Link-Layer Capacity of Downlink NOMA with Generalized Selection Combining Receivers

TL;DR

This paper evaluates the link-layer capacity of downlink NOMA systems with generalized selection combining, considering delay constraints, and provides approximate formulas for effective capacity at different SNR regimes.

Contribution

It introduces an analysis of effective capacity for downlink NOMA with GSC, bridging the gap between traditional diversity schemes and considering practical delay constraints.

Findings

GSC improves link-layer performance over traditional schemes.

Approximate EC expressions are accurate at low and high SNR.

Tradeoff identified between RF chains and system performance.

Abstract

Non-orthogonal multiple access (NOMA) has drawn tremendous attention, being a potential candidate for the spectrum access technology for the fifth-generation (5G) and beyond 5G (B5G) wireless communications standards. Most research related to NOMA focuses on the system performance from Shannon's capacity perspective, which, although a critical system design criterion, fails to quantify the effect of delay constraints imposed by future wireless applications. In this paper, we analyze the performance of a single-input multiple-output (SIMO) two-user downlink NOMA system, in terms of the link-layer achievable rate, known as effective capacity (EC), which captures the performance of the system under a delay-limited quality-of-service (QoS) constraint.
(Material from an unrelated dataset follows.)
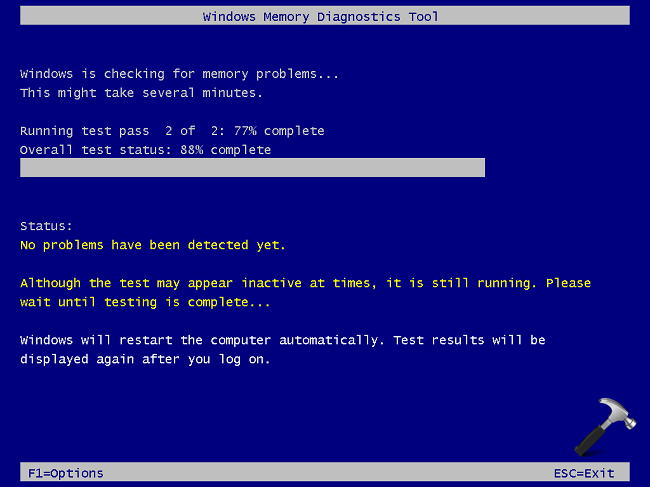 Το ζήτημα θα μπορούσε να προκύψει εξαιτίας ενός αποτυχημένου RAM. Μπορείτε να χρησιμοποιήσετε δωρεάν προγράμματα όπως MemTest86 ή Windows Memory Diagnostic για να δοκιμάσετε τη μνήμη δωρεάν.

For signal combining at the receiver side, we use generalized selection combining (GSC), which bridges the performance gap between the two conventional diversity combining schemes, namely selection combining (SC) and maximal-ratio combining (MRC). We also derive two approximate expressions for the EC of NOMA-GSC which are accurate at low-SNR and at high-SNR, respectively. The analysis reveals a tradeoff between the number of implemented receiver radio-frequency (RF) chains and the achieved performance, and can be used to determine the appropriate number of paths to combine in a practical receiver design.